RAID1 the disks in the disk array into the same two groups, mirroring each other, when any disk media failure, can take advantage of the data recovery on its mirror, thereby improving the system's fault tolerance. The operation of the data still uses the block after the parallel transmission mode. So RAID 1 not only improves read and write speed, but also strengthens the system's reliability. However, the disadvantage is that the hard disk utilization is low, and the redundancy degree is 50%.
From the above features, RAID 5 focuses on the security of the data, RAID 1 (mirrored disk) in the security of the data is guaranteed by the premise, the emphasis on read and write speed.
The following figure is Microsoft's recommended storage hardware requirements for the Exchange store system.

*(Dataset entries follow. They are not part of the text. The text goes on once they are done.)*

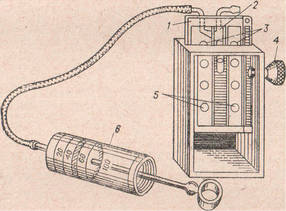 Рис. 4. Универсальный газоопределитель системы Перегуд: 1- подъемная рамка; 2-микропоглотительный прибор; 3-стандартная шкала; 4-винт подъемного устройства; 5-смотровые отверстия; 6-шприц.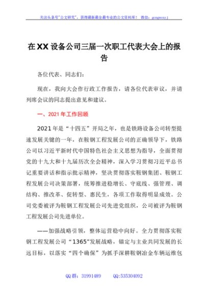 / 国企设备公司三届一次职工代表大会上的报告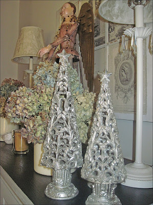 If you ring my doorbell I'll be happy to show you around however I'm not done yet! This is the year I'm simplifying so holiday decorations have been edited, that takes time, and I'm just using things I really love to look at and which tie in with my simple French country, with a bit of Nordic thrown in, look.............mainly in white, cream and silver.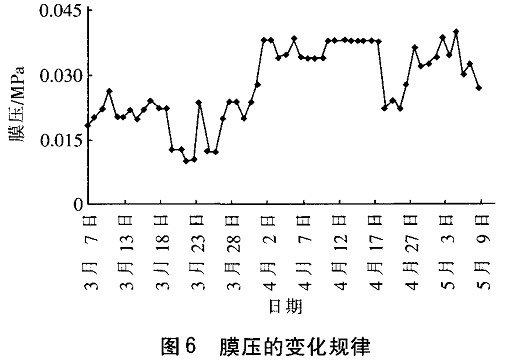 MB R運(yùn)行期問(wèn)的膜壓變化如圖 6所示 。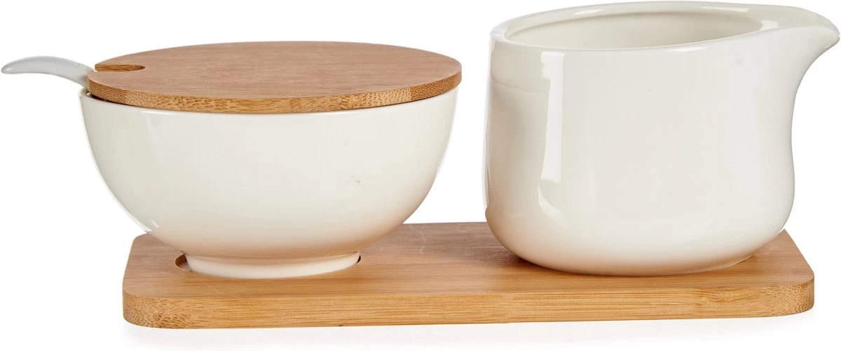 Suiker En Melk Serveren Setje Van Keramiek Met Bamboe 19 Cm
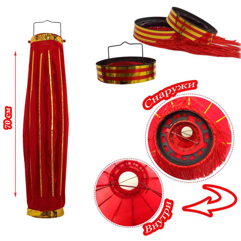 Фонарь изготовлен из нетканой флокированной ткани, ткань долговечная, не выгорает на солнце, водонепроницаемая. Внутренний каркас выполнен из стали.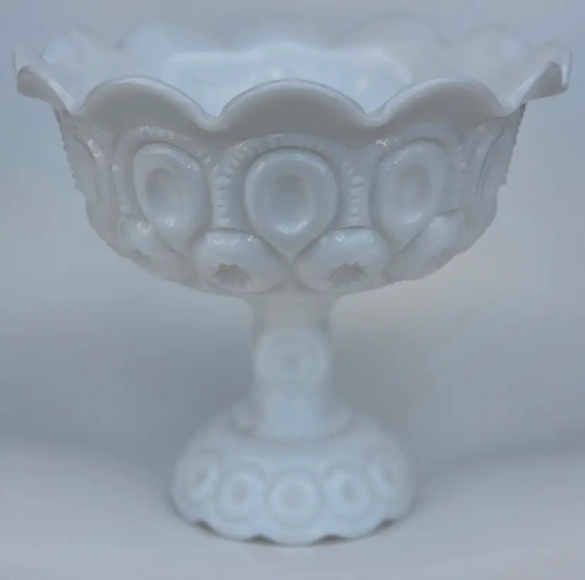 6.5" high 7.5" in diameter. In like new condition no chips cracks or cloudiness

As we can see, the database files (EDB files and STM files) are placed on the RAID 5 system, and the log file is stored using each storage group RAID 1 policy.
Microsoft is designed to fully improve the performance of the Exchange store. For database files, these files tend to be very large in size, and they need to be read and written very frequently during routine operations. From a security standpoint, database files are far more important than log files. Therefore, the use of RAID 5 system to save data files, can maximize the data security of the file: in the frequent read and write, the check bit to ensure that the data will not error, in the event of a disk hardware failure, can make the system unaffected.
For the log file, readers should recall the role of the log file we talked about in the previous issue: Make the in-memory transaction write to the hard disk as soon as possible. Exchange log files, in the case of recovery from backup tapes, will only be written once and read once in a lifetime. When writing, Exchange Server writes the in-memory data to a log file in 5MB, which occurs when Exchange Server writes the contents of the log to the database. Therefore, we can find that, for the disk system that holds the log file, its read and write pressure is not very large, but requires very fast write speed. The very fast write speed is guaranteed by two points: first, a RAID 1 system with a faster write speed (compared to RAID 5 does not need to calculate the check bit, which saves a lot of time); second, each storage group exclusively has a RAID 1 system (both raid The 1 array is used only to save the log files of the specific storage group, and there is no use for it, so we have reduced the number of fragments on the disk to a minimum. Ideally, each sector of the log file is next to each other, and when the disk is writing data, it does not need to reposition the head because of disk fragmentation, which maximizes write performance.
After determining the type of disk, we need to plan what size of disk to use. The disk space capacity of the RAID 5 system that holds the database files is determined by the actual number of mailboxes and the size of the mailbox. However, there is a certain amount of free space to be left on this basis. We take 300 users of the enterprise, for example, each user's mailbox size is 100M. Theoretically, the mailbox store has a maximum space footprint of 300*100m, or 30GB. In fact, we also need to consider the following factors:
First: Delete item's retention time. Generally on Exchange Server, we will set the amount of time that deleted messages remain on the server (Store->limit->deletion Settings). This makes it easy for users to restore deleted messages back. The backup structure of Exchange server determines that it is difficult to recover a single message, so setting the delete item retention time can help restore information that was mistakenly deleted. This time is usually set at about 15 days to 30 days. We need to be aware that once this setting is turned on, all deleted messages will not be erased in the database immediately, so this setting takes up a certain amount of disk space. If you set the delete item retention time to 15 days, we need to estimate the number and size of messages deleted by each user over the two-week period for further planning. If set to 15 days, in conservative cases, the number of deleted messages is 30% to 50% of the mailbox. Usually such estimates are inaccurate, if we want to master the dynamics of each mailbox on the server, you can use a product called "Quest Reports", this web-based program will give the administrator a detailed dynamic report of each mailbox capacity. The company's website is: http://www.quest.com/messagestats/
Second: The amount of space required for database maintenance. In our offline fragmentation of the Exchange Server database (Offline defrag), for a database file of size 20GB (EDB file plus STM file), we need an additional 20GB of space to hold the fragmented database files. In addition, when a database repair is required, usually we will make a backup on the server, these space, also need to consider.
Therefore, the capacity of the RAID 5 system that holds the database files is typically 1.5 to twice times the capacity of the number of mailboxes * users.
The size of the log file's disk space is determined by the period of full backup (the system automatically clears the log file when a full backup is made). If the enterprise makes a full backup every week, the log file disk space must be at least one week to produce the log file (this capacity also needs to be accommodated, given the unexpected factors such as a possible failure of the backup, a tape drive failure, and so on). Typically, we can make a mirrored array of 18GB SCSI disks, and then dynamically adjust the time of the full backup based on the growth rate of the log files.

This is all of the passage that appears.